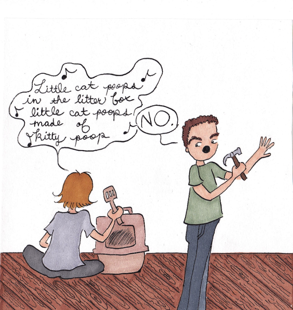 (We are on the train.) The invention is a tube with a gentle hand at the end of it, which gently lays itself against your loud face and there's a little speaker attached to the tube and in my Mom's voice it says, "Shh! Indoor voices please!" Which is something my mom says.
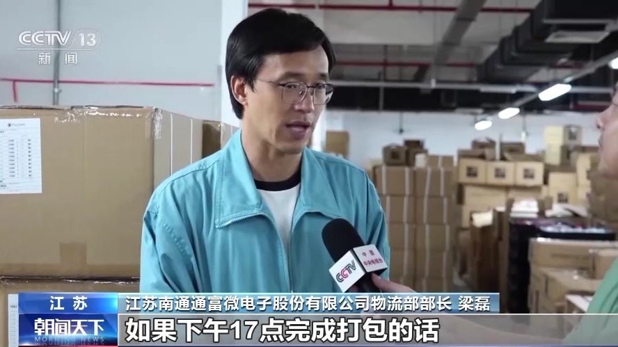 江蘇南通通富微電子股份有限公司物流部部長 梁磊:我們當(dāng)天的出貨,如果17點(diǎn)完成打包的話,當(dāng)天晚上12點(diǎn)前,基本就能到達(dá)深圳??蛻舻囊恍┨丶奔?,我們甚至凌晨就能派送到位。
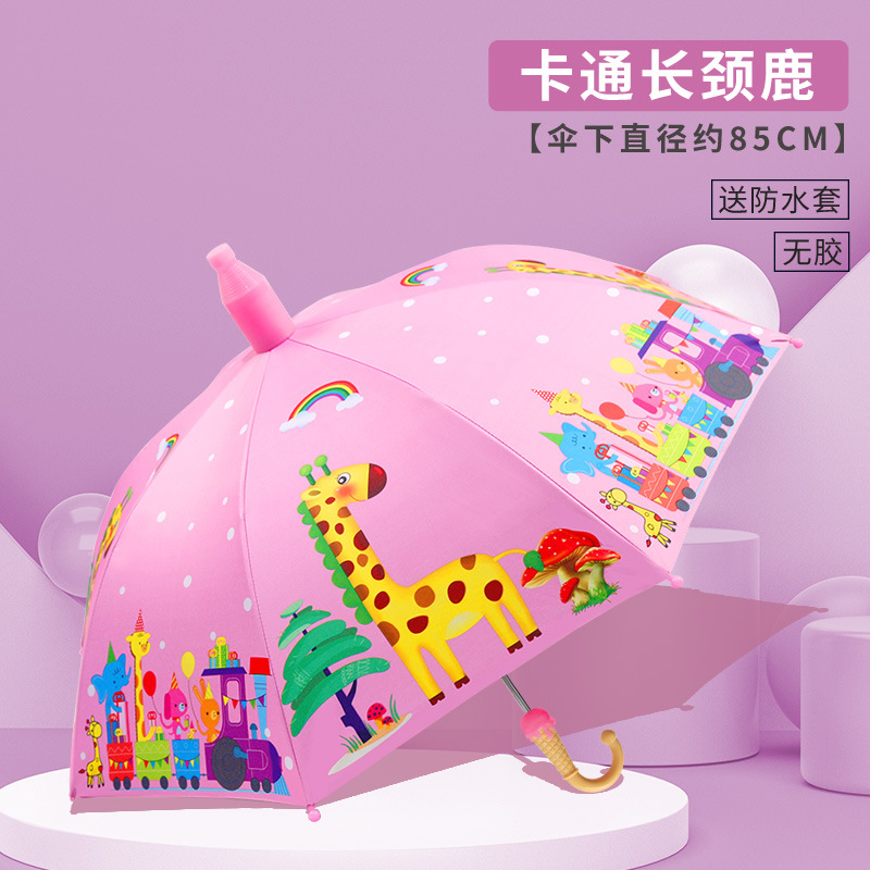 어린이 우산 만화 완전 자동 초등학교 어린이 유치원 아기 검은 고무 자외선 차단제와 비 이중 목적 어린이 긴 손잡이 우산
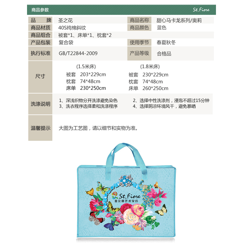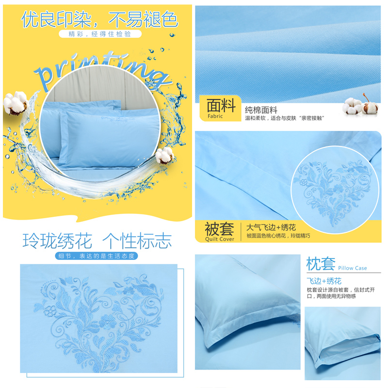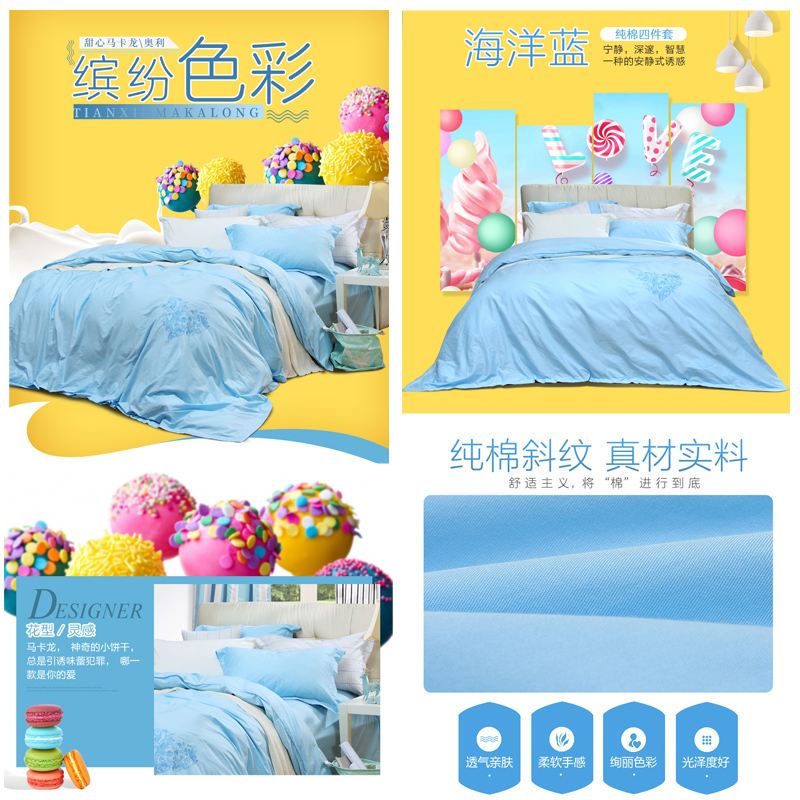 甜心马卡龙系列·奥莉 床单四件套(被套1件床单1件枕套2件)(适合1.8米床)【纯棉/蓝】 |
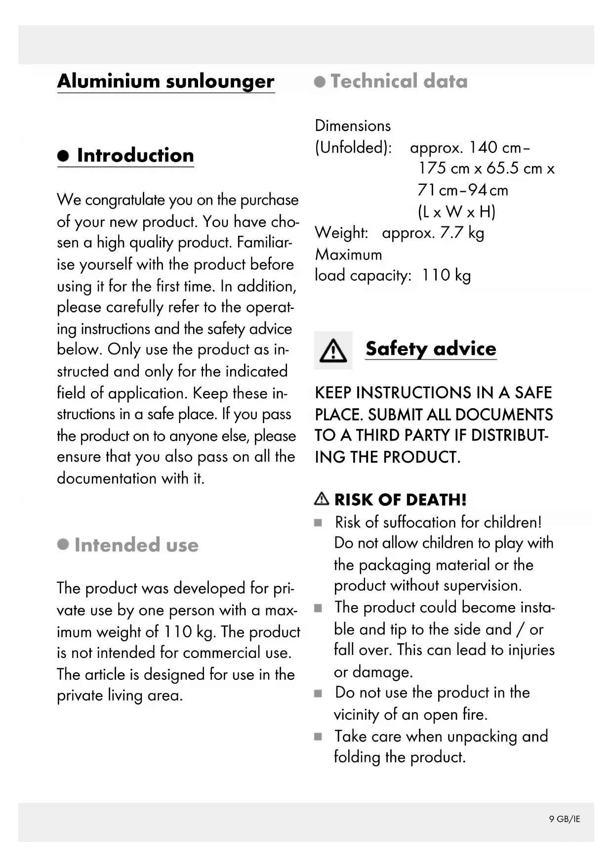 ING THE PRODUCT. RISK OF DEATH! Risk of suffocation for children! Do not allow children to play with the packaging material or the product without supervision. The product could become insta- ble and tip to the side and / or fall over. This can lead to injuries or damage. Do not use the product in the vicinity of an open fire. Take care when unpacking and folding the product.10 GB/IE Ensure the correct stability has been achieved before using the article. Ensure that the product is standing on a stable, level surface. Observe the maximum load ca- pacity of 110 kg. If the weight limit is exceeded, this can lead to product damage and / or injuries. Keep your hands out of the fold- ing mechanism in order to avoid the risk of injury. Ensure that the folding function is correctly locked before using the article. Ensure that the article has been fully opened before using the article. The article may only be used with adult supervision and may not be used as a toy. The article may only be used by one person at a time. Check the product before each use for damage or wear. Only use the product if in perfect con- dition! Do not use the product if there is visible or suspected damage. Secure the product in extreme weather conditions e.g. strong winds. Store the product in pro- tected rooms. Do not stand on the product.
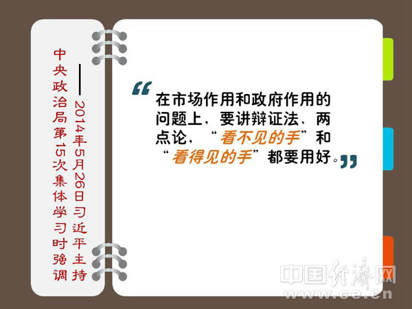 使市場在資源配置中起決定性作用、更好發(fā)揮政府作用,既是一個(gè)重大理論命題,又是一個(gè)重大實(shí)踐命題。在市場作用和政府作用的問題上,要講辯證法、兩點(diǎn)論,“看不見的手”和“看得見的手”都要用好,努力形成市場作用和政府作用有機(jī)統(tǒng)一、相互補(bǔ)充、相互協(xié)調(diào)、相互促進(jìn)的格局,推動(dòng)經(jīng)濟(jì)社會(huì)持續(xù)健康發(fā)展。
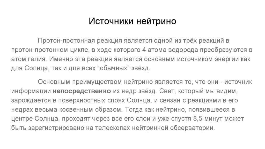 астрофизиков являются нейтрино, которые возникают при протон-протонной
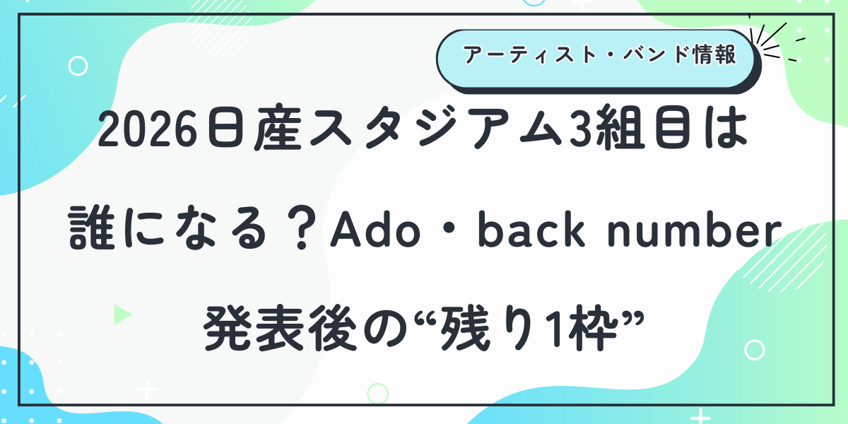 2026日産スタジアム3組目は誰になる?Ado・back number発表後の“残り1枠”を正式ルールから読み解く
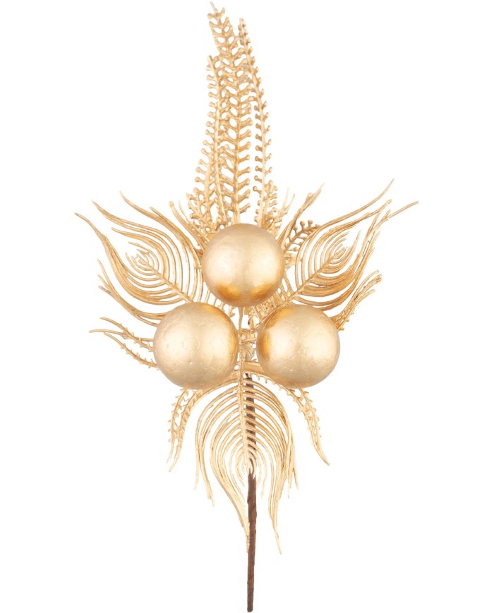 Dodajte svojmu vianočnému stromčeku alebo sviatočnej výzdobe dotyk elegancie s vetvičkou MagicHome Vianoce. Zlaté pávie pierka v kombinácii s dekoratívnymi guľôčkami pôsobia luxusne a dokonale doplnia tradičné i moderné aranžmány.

■ Task to complete ■
All of the records above are to be printed exactly, with every picture omitted.

■ Written answer ■
 (We are on the train.) The invention is a tube with a gentle hand at the end of it, which gently lays itself against your loud face and there's a little speaker attached to the tube and in my Mom's voice it says, "Shh! Indoor voices please!" Which is something my mom says.
 江蘇南通通富微電子股份有限公司物流部部長 梁磊:我們當(dāng)天的出貨,如果17點(diǎn)完成打包的話,當(dāng)天晚上12點(diǎn)前,基本就能到達(dá)深圳??蛻舻囊恍┨丶奔?,我們甚至凌晨就能派送到位。
 어린이 우산 만화 완전 자동 초등학교 어린이 유치원 아기 검은 고무 자외선 차단제와 비 이중 목적 어린이 긴 손잡이 우산
 甜心马卡龙系列·奥莉 床单四件套(被套1件床单1件枕套2件)(适合1.8米床)【纯棉/蓝】 |
 ING THE PRODUCT. RISK OF DEATH! Risk of suffocation for children! Do not allow children to play with the packaging material or the product without supervision. The product could become insta- ble and tip to the side and / or fall over. This can lead to injuries or damage. Do not use the product in the vicinity of an open fire. Take care when unpacking and folding the product.10 GB/IE Ensure the correct stability has been achieved before using the article. Ensure that the product is standing on a stable, level surface. Observe the maximum load ca- pacity of 110 kg. If the weight limit is exceeded, this can lead to product damage and / or injuries. Keep your hands out of the fold- ing mechanism in order to avoid the risk of injury. Ensure that the folding function is correctly locked before using the article. Ensure that the article has been fully opened before using the article. The article may only be used with adult supervision and may not be used as a toy. The article may only be used by one person at a time. Check the product before each use for damage or wear. Only use the product if in perfect con- dition! Do not use the product if there is visible or suspected damage. Secure the product in extreme weather conditions e.g. strong winds. Store the product in pro- tected rooms. Do not stand on the product.
 使市場在資源配置中起決定性作用、更好發(fā)揮政府作用,既是一個(gè)重大理論命題,又是一個(gè)重大實(shí)踐命題。在市場作用和政府作用的問題上,要講辯證法、兩點(diǎn)論,“看不見的手”和“看得見的手”都要用好,努力形成市場作用和政府作用有機(jī)統(tǒng)一、相互補(bǔ)充、相互協(xié)調(diào)、相互促進(jìn)的格局,推動(dòng)經(jīng)濟(jì)社會(huì)持續(xù)健康發(fā)展。
 астрофизиков являются нейтрино, которые возникают при протон-протонной
 2026日産スタジアム3組目は誰になる?Ado・back number発表後の“残り1枠”を正式ルールから読み解く
 Dodajte svojmu vianočnému stromčeku alebo sviatočnej výzdobe dotyk elegancie s vetvičkou MagicHome Vianoce. Zlaté pávie pierka v kombinácii s dekoratívnymi guľôčkami pôsobia luxusne a dokonale doplnia tradičné i moderné aranžmány.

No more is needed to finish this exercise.